One crater-pocked moon orbited the planet’s equatorial belt line, in the plane of the ecliptic. If you think of the planets that orbit a sun as spinning like tops while circling the sun like meatballs around a tray, that tray is the plane of the ecliptic. All the planets and moons of the Solar System we had left behind spun in the plane of the ecliptic. According to Howard, most stars and their systems were arranged the same way.

The planet’s other moon was smaller, the bright red of arterial blood, and marble-smooth. Stranger still, it orbited slowly, north to south, over the poles. As Howard would say, its orbit was perpendicular to the plane of the ecliptic.

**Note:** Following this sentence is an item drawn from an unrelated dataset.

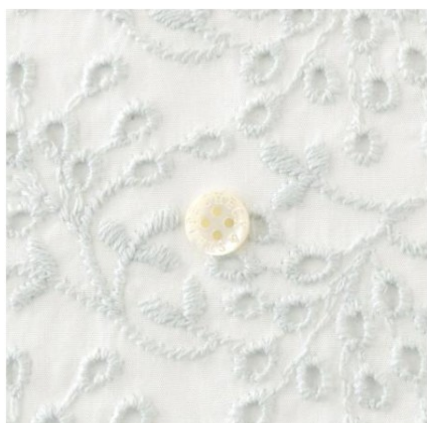
ホワイトにアクア

Howard and I stood side by side on the toadstool’s platform in the bow, watching the scene come closer. I had my Eternad helmet on, so I could use the optics like binoculars. I narrowed my eyes. “We hit an Earth clone on the button. How convenient.”

Howard shook his head. “Of course it’s convenient. The Firewitch homed on this planet. The Pseudocephalopod would establish itself where it found worlds temperate enough to support life.”

“But we know the Slugs can just make a rock Earthlike. They were terraforming Ganymede.”

Howard looked away, at a rounded corner of the control chamber. “True. But why terraform if you find an Earthlike planet sitting right in front of you?”

I cocked my head. “But the Slugs did sit out on Ganymede when they found Earth. They bombed us from a distance, like a caveman would beat a rattlesnake with a long stick.”

Howard kept looking away. His Spook “need to know” paranoia was his least-endearing characteristic. “Rattlesnakes are dangerous, if you get too close.”

I narrowed my eyes. “But, Howard, the first time a caveman came across a rattlesnake, he wouldn’t have known it was dangerous. So the analogy doesn’t hold, does it?”

Beyond the transparent bow, we sped on above the ocean, but the inside of the Firewitch felt as still as houses.

Before Howard could answer me, the Firewitch dipped into the planet’s uppermost ionosphere, and red flames of incandescent plasma blossomed from the leading edges of the ship’s forward arms.

Howard pointed at the planet below. “If this were the Pseudocephalopod homeworld, we would have been challenged by now. This ship is going to land in an outpost of some kind.”

“Even if it’s just an outpost, a hundred thousand warriors will storm the ship and kill us,” I said.

Jude frowned up at me. He had clamped in to the pilot’s couch as soon as we reentered the traffic jam of interplanetary space.

Howard and I stood alongside Jude.

I asked Howard, “How much have we slowed?”

Howard rubbed his chin. “I’d guess we’re down to ten thousand miles per hour.”